While dealing with a suitor of their own and faced with the prospect of a lengthy court battle with the competition watchdog, the board of in-vitro fertilisation group Virtus Health (ASX: VRT) has determined a takeover of Adora Fertility is too much of a distraction.
Within days of receiving an expression of interest for a potential buyout from BGH Capital worth around $607 million, the Virtus Health leadership has pulled out of plans to buy Adora Fertility and three day hospitals from Healius (ASX: HLS) for $45 million.
The acquisition would have added four fertility clinics and day hospitals in new regions for Virtus, one of the world's top five assisted reproductive services companies with 40 clinics in Australia, Ireland, Denmark, the UK and Singapore, as well as seven day hospitals here in Australia.

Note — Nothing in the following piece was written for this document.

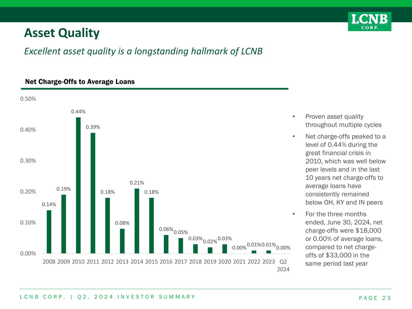 Q2 2024 Commercial Secured by Real Estate Breakdown Top CRE Categories (includes non-owner occupied and owner occupied) 47% 20% 3% 20% 10% Non-Owner Occupied Owner Occupied Farmland Multi-Family Secured Construction Loans Category Balance % of CRE Portfolio Multi-Family $277.0 mil. 27% Retail $167.2 mil. 17% Office $124.9 mil. 12% Mixed Use $97.8 mil. 10% Hotel/Motel $79.8 mil. 8% Self Storage $45.7 mil. 5% Remainder $220.4 mil. 21% Total $1,012.8 mil. 100% 10-Year CRE Portfolio Growth ($ in millions) Overview $- $200 $400 $600 $800 6/30/2014 6/30/2024 Non-Owner Occupied Owner Occupied • Diverse and high-performing CRE portfolio • Office portfolio is approximately 7.2% of loans, net of allowance • Office portfolio encompasses properties primarily in Ohio • CRE loans are generally originated with a 75% to 85% maximum loan-to-appraised value ratio, depending upon borrower occupancy with the total portfolio carrying a sub 65% loan-to-value CRE Trends Track record of managing a high-quality and growing CRE portfolio L C N B C O R P . | Q 2 , 2 0 2 4 I N V E S T O R S U M M A R Y 2 2P A G E
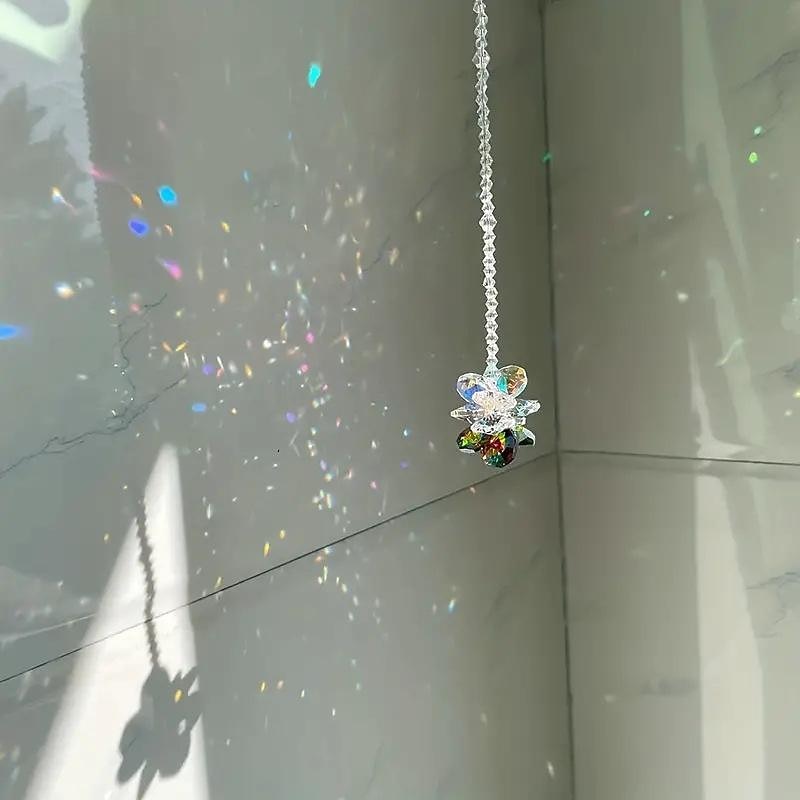 HOT ! Suncatcher Crystal Flower Wind Chimes -Sun Catchers Indoor Window Teardrop Crystal Beads Prism Sun Catcher Garden Outdoor Home Decorations Hanging Decor for Ceiling Kitchen Light Catcher

Virtus first announced the deal in August with expectations the transaction would be completed within the December quarter, but in September it was revealed the Australian Competition and Consumer Commission (ACCC) was going to conduct a public review.
This was followed by commencement of proceedings alleging that the acquisition of the Adora clinics in Brisbane and Melbourne would result in a substantial lessening of competition in breach of the Competition and Consumer Act 2010.
In October, the Federal Court agreed to the ACCC's request for an interlocutory injunction against the acquisition until concerns were resolved.
"The ACCC restrained the parties from completing the acquisition and the matter was fixed for a two-week hearing in March 2022 before the Federal Court of Australia," Virtus noted today.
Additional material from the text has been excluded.